Mexican heraldry (in Spanish: "Heráldica Mexicana"), has no precise rules, because its evolution has been according to the ideas and prevailing customs of every time of its history.

Mexico
Mexican heraldry is based on ancestral symbology which are still venerated by descendants in Mexico. The system of blazoning arms that is used in European countries today was developed by the officers of arms in the Middle Ages. This includes a stylized description of the escutcheon (shield), the crest, and, if present, supporters, mottoes, and other insignia. Certain rules apply, such as the rule of tincture, and a thorough understanding of these rules is a key to the art of heraldry. This system was adapted to Mexican society by incorporating flora and fauna native to Mexico. Another conspicuous difference between Mexican heraldry and European heraldry is the absence of a helm surmounting the shield.

Most traditions of Mexican heraldry came from Iberian origin from regions in Spain or Portugal, predominating heraldry of Castilian, Basque or Galician, in second place heraldry of Catalan and Valencian origin.
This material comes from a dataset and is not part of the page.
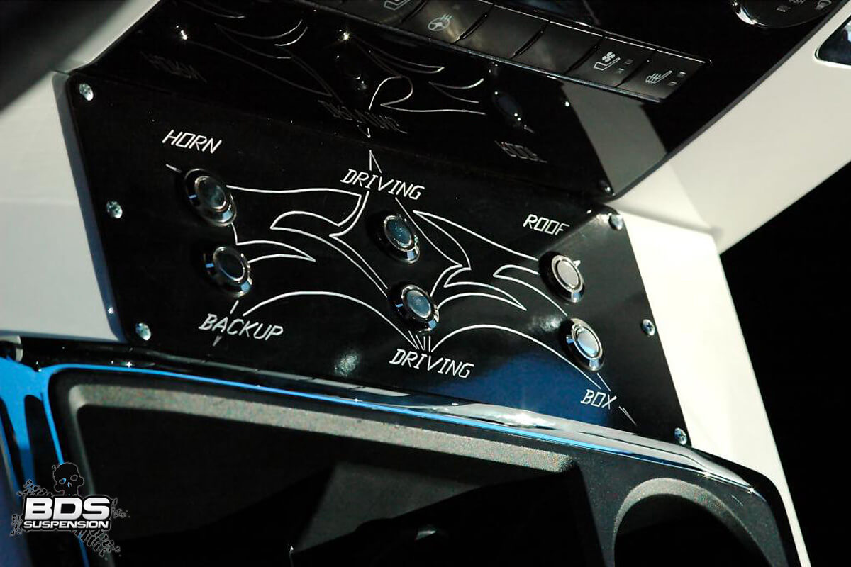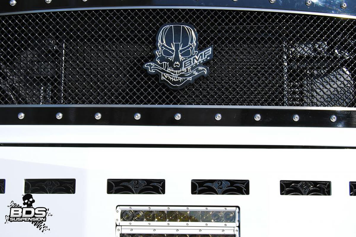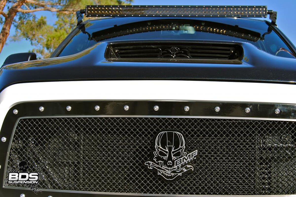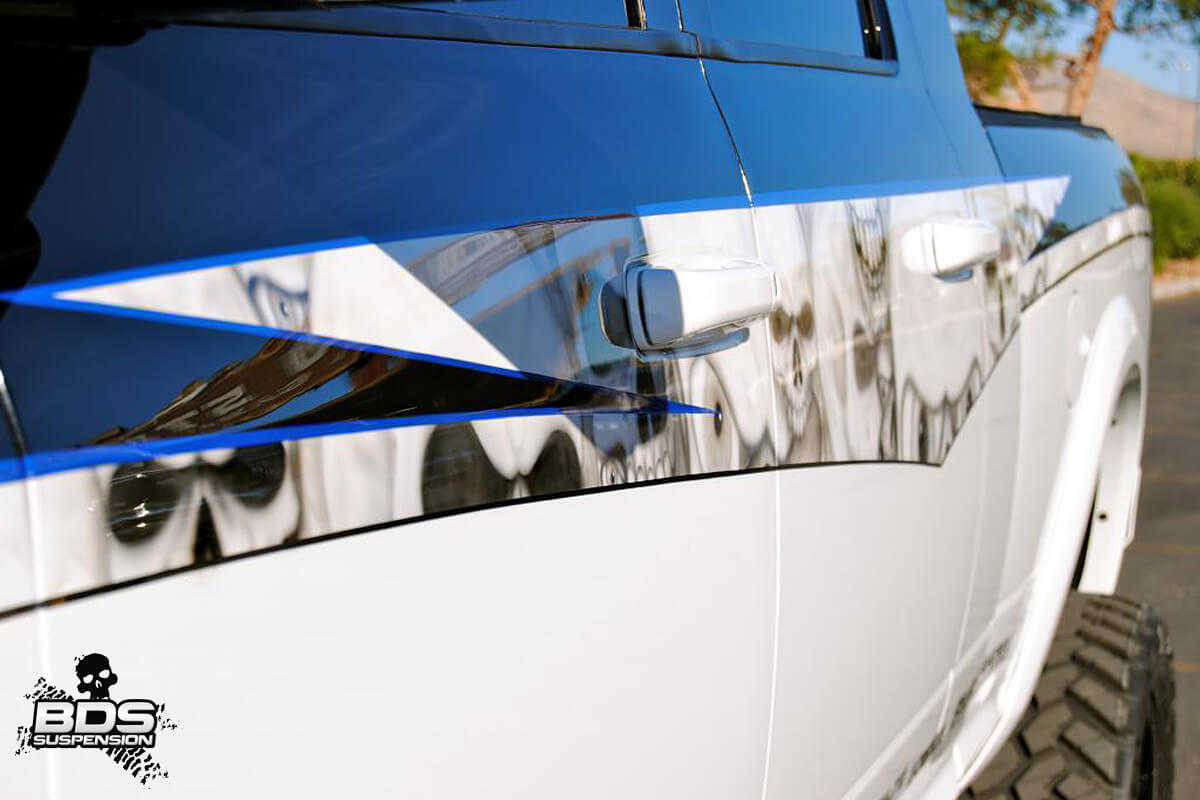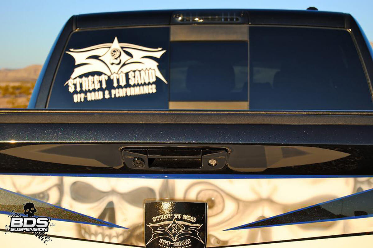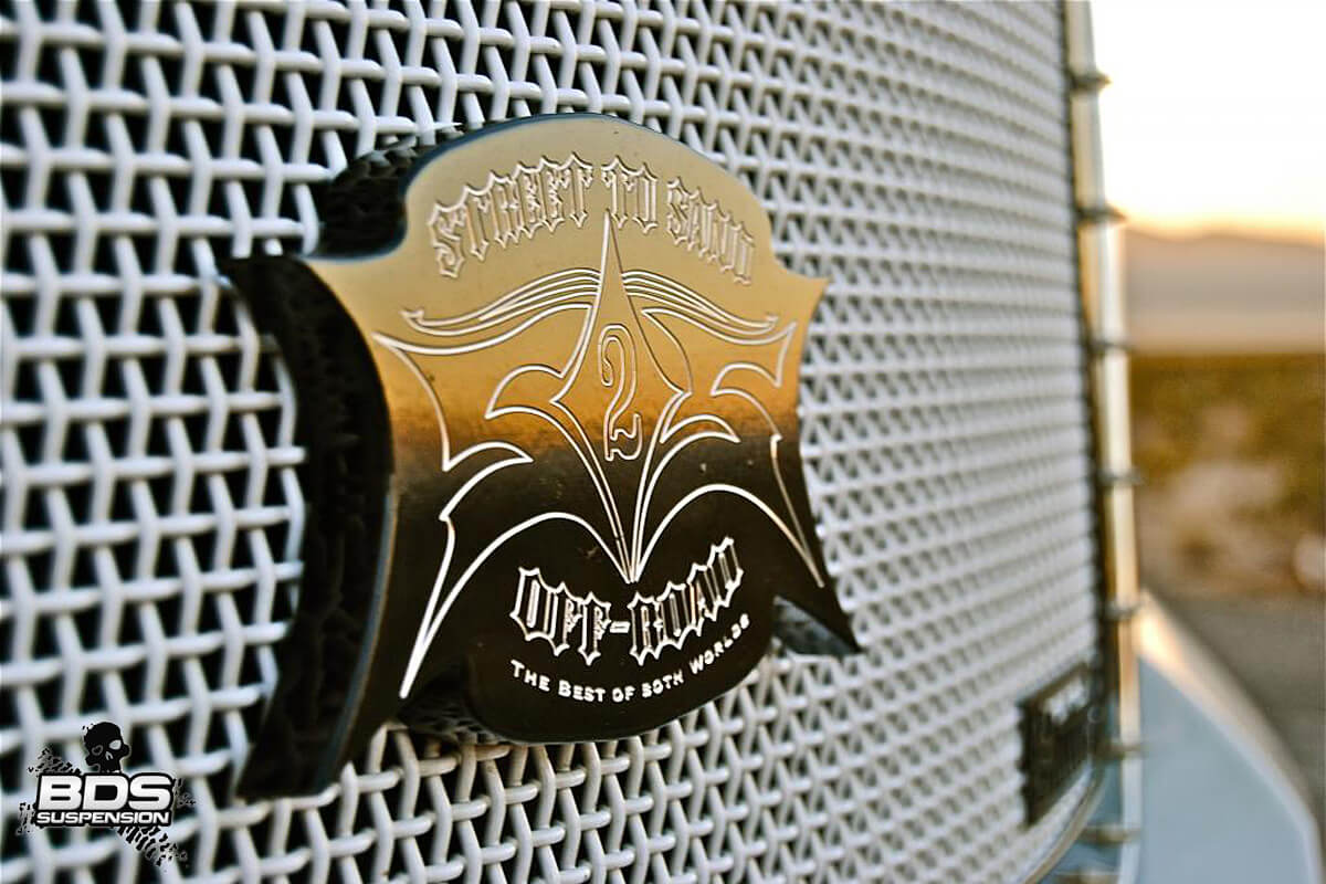 When it comes to Randy’s daily driver, he’s been on a Cummins kick lately. His 2012 Ram 3500 is a 6.7L workhorse sporting both off-the-shelf parts and one-off components built in-house with the S2S’s fabrication and CNC machining equipment. Gracing the pages of an upcoming Truckin’ Magazine issue, this truck grabs attention everywhere it goes with no part left untouched. Up front a Fusion bumper was installed for a clean flush appearance that houses a variety of Rigid LED lights. The stock headlights were swapped to a colormatched projection unit and house even more Rigid LEDs. In place of the traditional Ram grill is a BMF unit and functional SRT10 ram air hood to hint at the performance mods beneath. Playing off the truck’s body lines, the factory white paint color was transformed to a custom 2-tone scheme along with a skull themed airbrush and blue pin striping. To dial in the stance, Randy chose the BDS 8” long arm kit that he modified to 10” and ran with BDS dual shock hoops, Fox 2.0s and a dual steering stabilizer all colormatched to fit the theme. Sending power to the axles are a pair of lengthened one-piece driveshafts. Gears were swapped out for a set of 4.56s and billet S2S diff covers were installed front and rear. For wheels and tires, 38×13.50×24 Nitto Trail Grapplers fit the build and were mounted up on 24×10.5 BMF M80 wheels, once again getting extra attention with painted inserts. Up top a 50” Rigid lightbar provides even more long range visibility roof mounted using Street 2 Sand’s low profile brackets. Out back the truck sports BDS leaf springs, blocks, and Fox shocks. The bed was Line-X’ed and features a CargoGlide CG2000XL sliding rack and an Extang tonneau cover. The rear bumper came from Fusion as well and features Rigid D2 lights along with custom badging built machined in house and a pair of Recon LED taillights.

Other common heraldic traditions in Mexico came from French, Italian, German and Polish origins. The most recent heraldic influences, since 1943, are of English origin.

Spanish origins
The descent of Spanish arms and titles differs from much of Europe in that they can be inherited through females.  Also, illegitimacy did not prevent the descent of arms and titles. The great Spanish families believed that a family pedigree could be more damaged by misalliance than by illegitimacy.  Indeed, the patents of nobility of many Spanish families contained bequeathals to illegitimate branches in case no legitimate heirs were found.  Illegitimacy in Spain was divided into three categories.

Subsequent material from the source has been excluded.